American applied mathematician

Maria G. Westdickenberg (also published as Maria G. Reznikoff) is an American applied mathematician and mathematical analyst who works in Germany as University Professor in the chair for applied analysis at RWTH Aachen University. She lists her research interests as being in nonlinear partial differential equations and the complex energy landscapes of gradient flow methods for solving these equations.

==Education and career==
Westdickenberg received a master's degree in applied mathematics in 2000 from the Rensselaer Polytechnic Institute. She continued her studies at the Courant Institute of New York University, completing her Ph.D. in 2004. Her doctoral dissertation, Rare Events in Finite and Infinite Dimensions, was jointly supervised by Robert V. Kohn and Eric Vanden-Eijnden.

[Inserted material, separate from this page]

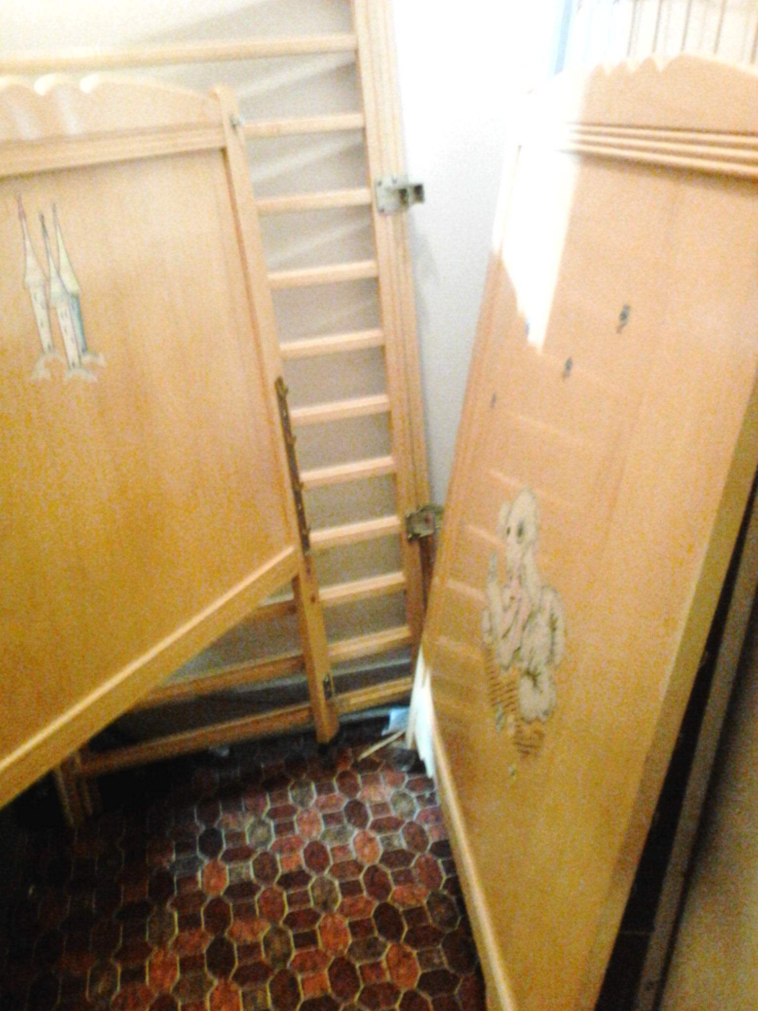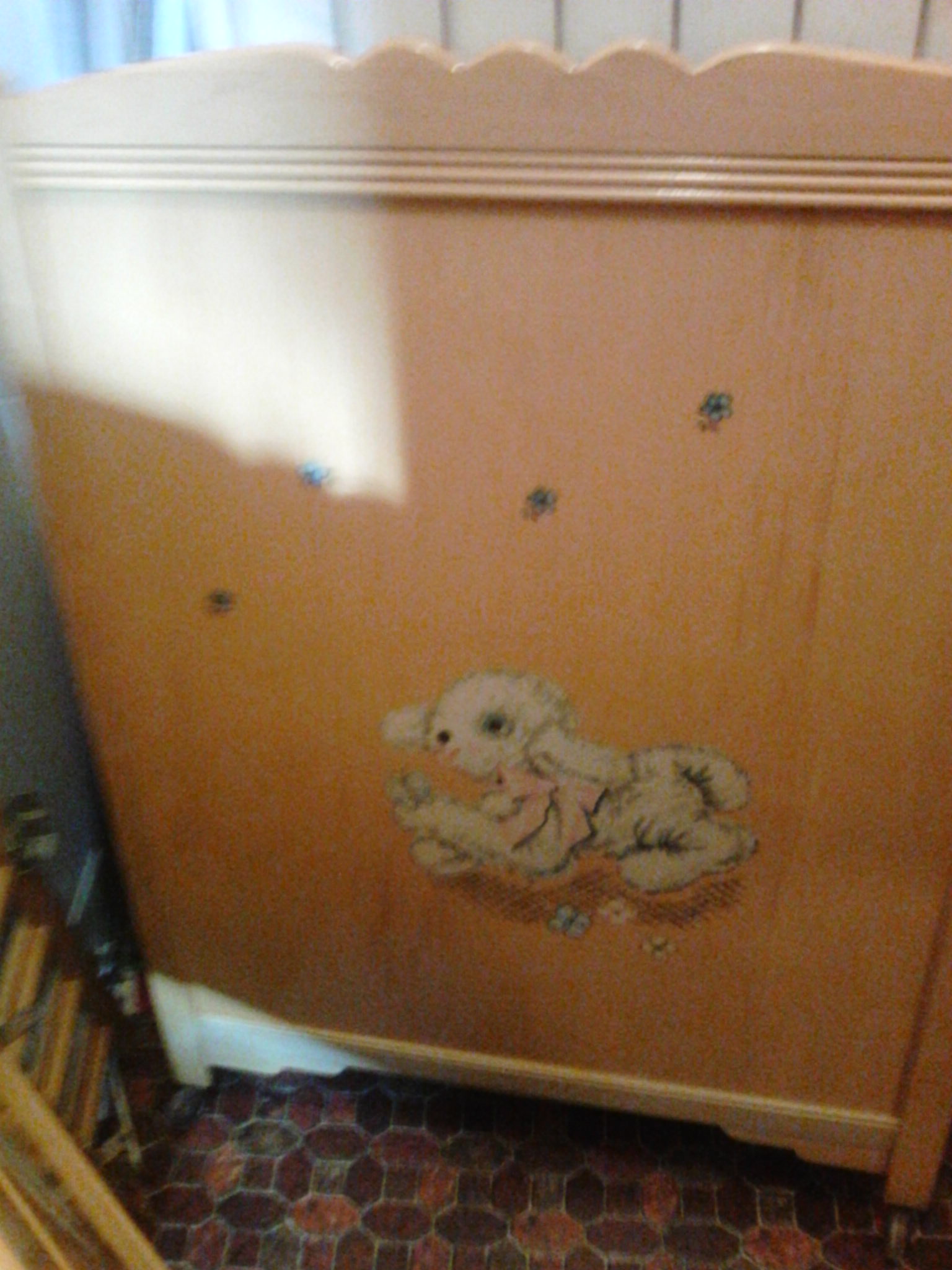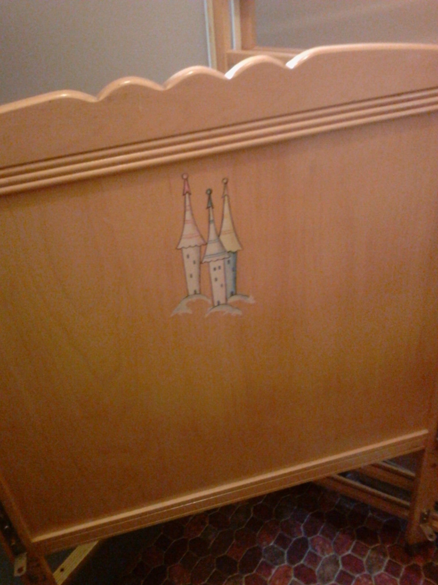 Light wood colored crib I believe to be around 1900s little sheep and castle fairly good condition.

After postdoctoral research at the University of Bonn and Princeton University, she became an assistant professor at Georgia Tech in 2006, and was tenured there as an associate professor in 2011. Since 2012 she has been a full professor at RWTH Aachen University.

==Recognition==
Westdickenberg was a 2010 recipient of the Presidential Early Career Award for Scientists and Engineers, given "for excellent research in applied mathematics, and leadership in recruiting, training, and mentoring students from underrepresented groups".